Светлый фон

 

Закончив поэму, Александр Блок сделал запись в дневнике: “Сегодня я гений”. И он был прав и как поэт, и как патриот, и как пророк, и как великий мистик.

В поэме же Евтушенко “13”, вступившего в нелепое соревнование с Блоком, его тринадцать персонажей суть какие-то отбросы не человечества, а, по словам Александра Зиновьева, какого-то “человейника”.

“Идут тринадцать работяг, один мордатый, другой худой, один поддатый, хотя седой. Мордатый-злющий нудит, сопя, на всех плюющий и на себя”.

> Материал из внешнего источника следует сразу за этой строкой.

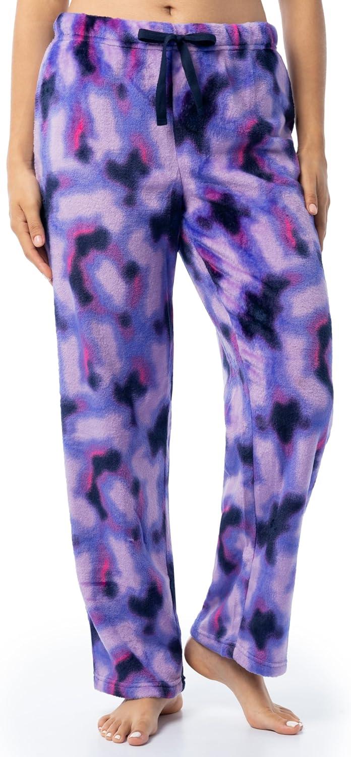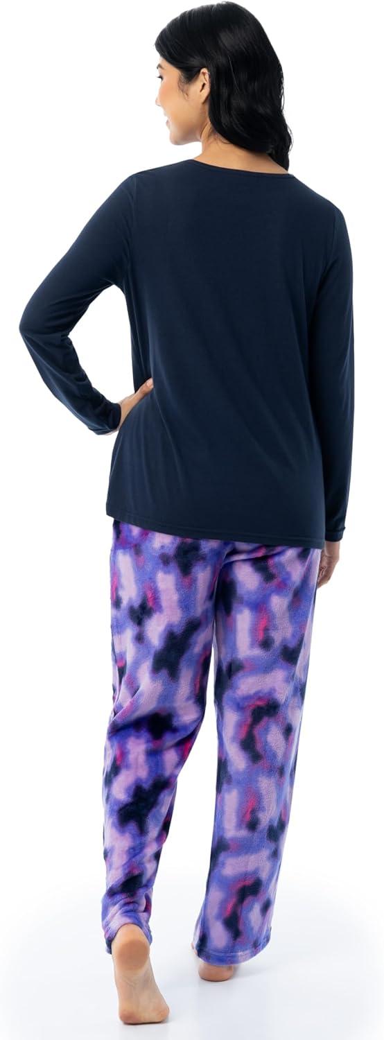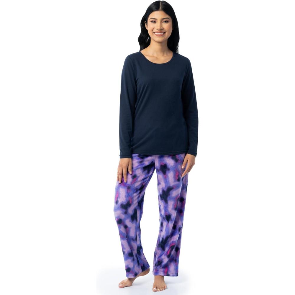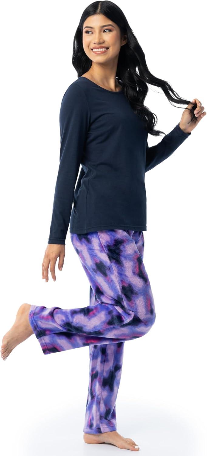 Fruit of the Loom Women’s Sueded Jersey Crew Top and Fleece Pant Sleep Set(Navy/Abstract)
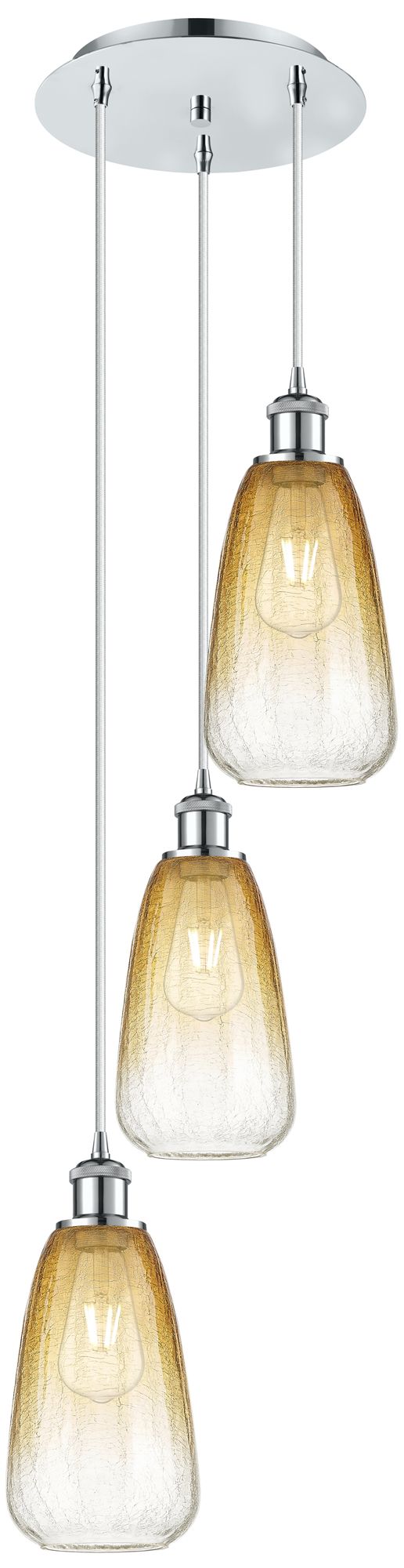 Ballston Brookhaven Almond 13"W 3-Lt Chrome Cord Pendant w/ Amber Shade

В числе “тринадцати” “бывший цековский санузлист”, а “поддатый, как рубль помятый, по слухам бывший аристократ, по кличке просто Денатурат”. А рядом с ними “сквернослов — любитель выпить на шермачка”, тут же какойто “мормышечник”. А следом за ним “поганец враль”, который то “больше витийствует”, то “фашиствует”. Рядом с ним — “красный” не от “убеждений”, а “от приятных, времяпровождений” спившийся здоровяк в татуировках. Тут же “утробный антидемократ” с наколотым “Сталиным на мускулке”. За ним идёт философ, “презирающий любую власть”; кто-то из них мечтает “с тоской зверёныша <…> нам бы Адольфа Виссарионовича”. Пародируя Блока, Е. Е. сопровождает поход “в будущее своих тринадцати рефреном “марш-марш назад, наш русский зоосад”. Неудивительно слышать слова о “русском зоосаде” от автора стихотворения “Русские коалы”, но, по мстительной иронии судьбы, Евтушенко, сочинив этот слоган, повторил мою мысль о том, что во многих песнях Высоцкого жизнь русского простонародья изображена, как смесь “зоопарка с вытрезвителем”. Евтушенко в своём письме в “Литературку” гневно осудил меня за такое истолкование стихов Высоцкого. Но в “Тринадцати” он, в сущности, позаимствовал тот же образ, поскольку и “алкаш с бакалеи”, и персонажи из “милицейского протокола”, и семейный дурдом “Вани и Зины” в исполнении Высоцкого есть тот же “русский зоосад” из его обитателей, имя которым “коалы”.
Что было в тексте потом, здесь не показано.